MUI, Toleransi, dan Pancasila

Miris, menjelang hari lahir Pancasila, namun salah satu organ hidup bersama negeri ini malah mengeluarkan pernyataan yang mereka namakan fatwa  jauh dari nilai Pancasila. Bagaimana tidak, ketika mereka mengatakan haram menyatakan atau mengucapkan selamat hari raya milik agama lain. Pun mengenai salam milik agama lain juga haram.

Perilaku baik kog malah dibuat ribet dan ribut. Keadaan yang sudah sekian lama terjadi dan tidak ada yang menyoal itu, namun tiba-tiba dijadikan bahan kajian. Mengenai ucapan selamat hari raya memang sejak tahun 80-an. Polemik itu toh  selalu saja pro dan kontra. Masih banyak yang tidak ikut anjuran itu.

Kemudian hari muncul salam semua agama dalam acara-acara resmi kenegaraan bahkan, eh kini dipersoalkan.
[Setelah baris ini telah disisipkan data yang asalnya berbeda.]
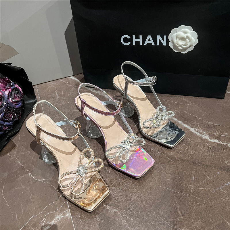 Главная страница > Новые летние женские туфли 2025 года: босоножки на высоком каблуке с кристаллами, квадратным носком, бантом и ремешком на щиколотке
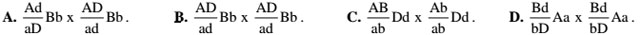 Câu 17: Ở một loài thực vật, gen A quy định thân cao, alen a quy định thân thấp; gen B quy định quả màu đỏ, gen b quy định quả màu vàng; gen D quy định quả tròn, alen d quy định quả dài. Biết rằng các gen trội là trội hoàn toàn. Cho giao phấn cây thân cao, quả đỏ, tròn với cây thân thấp, quả vàng, dài thu được F1 gồm 1602 cây thân cao, quả màu đỏ, dài: 1601 cây thân cao, quả màu vàng, dài: 1600 cây thân thấp, quả màu đỏ, tròn: 1599 cây thân thấp, quả màu vàng, tròn. Trong trường hợp không xảy ra hoán vị gen, sơ đồ lai nào dưới đây cho kết quả phù hợp với phép lai trên?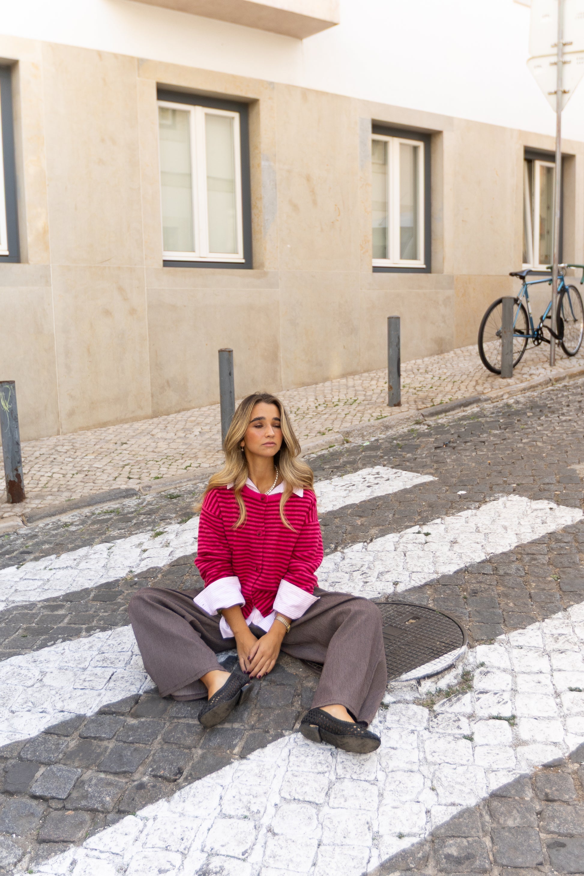 Cardigan com padrão de riscas horizontais em tons de rosa. De corte reto e design descontraído, com botões frontais em degradê que acompanham as cores da malha. Uma peça de textura suave e confortável, ideal para utilizar com camisas ou blusas em looks descontraídos de dia a dia.

Maunya apa sih, sudah merasa paling  gede, ucapan salamnya yang pertama, maunya hanya sendirian tanpa agama yang lain begitu?

Jauh lebih baik, ganti saja dengan satu salam. Salam Indonesia, dengan selamat pagi, selamat siang, selamat sore, atau selamat malam. Tidak ada salam kog beragama. Sering malah salam itu lebih panjang dari isi pembicaraan, concoh   pertanyaan anggota kewan, eh dewan itu. Mbulet di salam agama, namun nol isinya.
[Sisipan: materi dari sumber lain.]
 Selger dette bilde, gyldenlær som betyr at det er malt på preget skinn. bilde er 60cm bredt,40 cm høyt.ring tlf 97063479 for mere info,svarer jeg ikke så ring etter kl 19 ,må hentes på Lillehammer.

Semua hal, ceramah, pidato, sambutan, eh pertanyaan dalam rapatpun selalu dengan salam, kepanjangan. Isinya gak berbobot lagi, untuk apa sih? Tidak usahlah mabok dengan salam dan sejenisnya, Ketika perilakunya ambradul.

Konon salam itu doa. Lha   faktanya apa yang ada di negeri ini, maling aka korupsi juga masih merajalela, sikap bertanggung jawab nol besar, ngeles atas pernyataan sendiri seolah biasa saja. Buat apa ucapan, salam, atau doa itu jika tidak diikuti dengan perilaku baik dan bagus.

Biar saja salam atau do aitu untuk kegiatan keagamaan. Pengajian, kajian, retret, rekoleksi, ibadah, atau apapun namanya. Namun  ketika pidato, sambutan, bahkan pertanyaan tidak usah ada salam beragama itu. Kembalikan pada porsinya.

Semua kog seolah-olah mau diagamakan. Mirisnya, perilaku dan pernyataannya jauh dari ciri orang beragama. Padahal tanpa label, kaca-kata agamis, namun berlaku adil, jujur, bertanggung jawab, tidak malingan, dan bekerja keras jauh lebih bermakna.

Hasil itjima ulama kali ini saya dukung. Sejuta prosen sepakat, kembalikan agama pada koridornya, tidak semua juga harus dilabeli agamanya. Tidak perlu mabok agama dan kata suci, namun perilakunya malah mengingkari itu semua. Artikel ini bukan bicara sekularisme, namun bagaimana beragama dengan takaran yang pas. Empan papan.